◆ Try it ◆
Nothing but the pictures should be dropped; repeat the rest of the data below exactly.

-------- Exercise materials

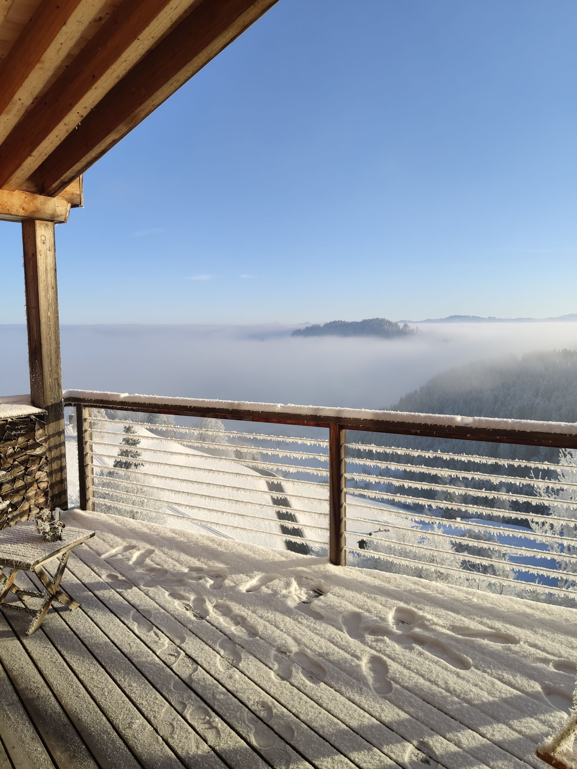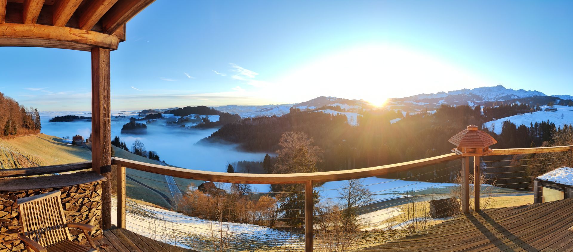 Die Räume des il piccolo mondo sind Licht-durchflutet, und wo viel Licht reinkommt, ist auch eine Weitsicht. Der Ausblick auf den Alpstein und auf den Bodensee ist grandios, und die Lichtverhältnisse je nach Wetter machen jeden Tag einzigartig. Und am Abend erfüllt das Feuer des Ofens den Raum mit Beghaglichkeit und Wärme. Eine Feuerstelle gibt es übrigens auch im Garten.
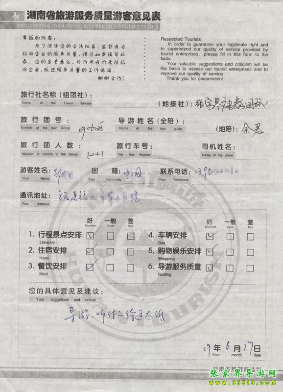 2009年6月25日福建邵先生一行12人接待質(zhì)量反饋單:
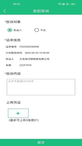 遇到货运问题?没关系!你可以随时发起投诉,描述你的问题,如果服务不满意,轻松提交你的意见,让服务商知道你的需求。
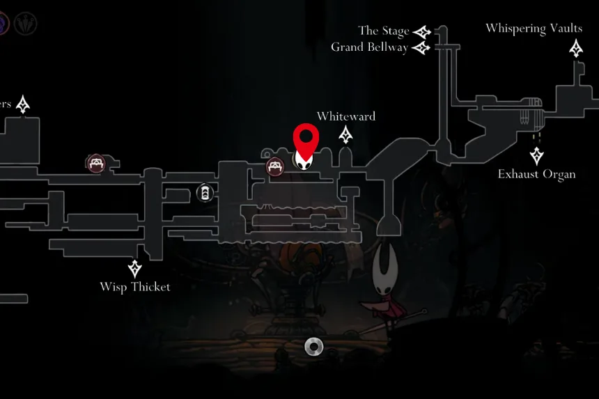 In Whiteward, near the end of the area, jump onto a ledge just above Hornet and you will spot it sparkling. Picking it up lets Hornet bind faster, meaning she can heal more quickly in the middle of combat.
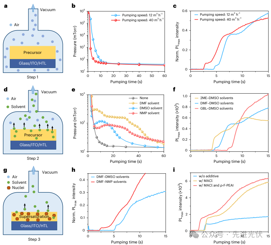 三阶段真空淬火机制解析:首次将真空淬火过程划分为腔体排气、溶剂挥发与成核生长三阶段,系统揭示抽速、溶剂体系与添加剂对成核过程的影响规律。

----------------

◆ Response box ◆
 Die Räume des il piccolo mondo sind Licht-durchflutet, und wo viel Licht reinkommt, ist auch eine Weitsicht. Der Ausblick auf den Alpstein und auf den Bodensee ist grandios, und die Lichtverhältnisse je nach Wetter machen jeden Tag einzigartig. Und am Abend erfüllt das Feuer des Ofens den Raum mit Beghaglichkeit und Wärme. Eine Feuerstelle gibt es übrigens auch im Garten.
 2009年6月25日福建邵先生一行12人接待質(zhì)量反饋單:
 遇到货运问题?没关系!你可以随时发起投诉,描述你的问题,如果服务不满意,轻松提交你的意见,让服务商知道你的需求。
 In Whiteward, near the end of the area, jump onto a ledge just above Hornet and you will spot it sparkling. Picking it up lets Hornet bind faster, meaning she can heal more quickly in the middle of combat.
 三阶段真空淬火机制解析:首次将真空淬火过程划分为腔体排气、溶剂挥发与成核生长三阶段,系统揭示抽速、溶剂体系与添加剂对成核过程的影响规律。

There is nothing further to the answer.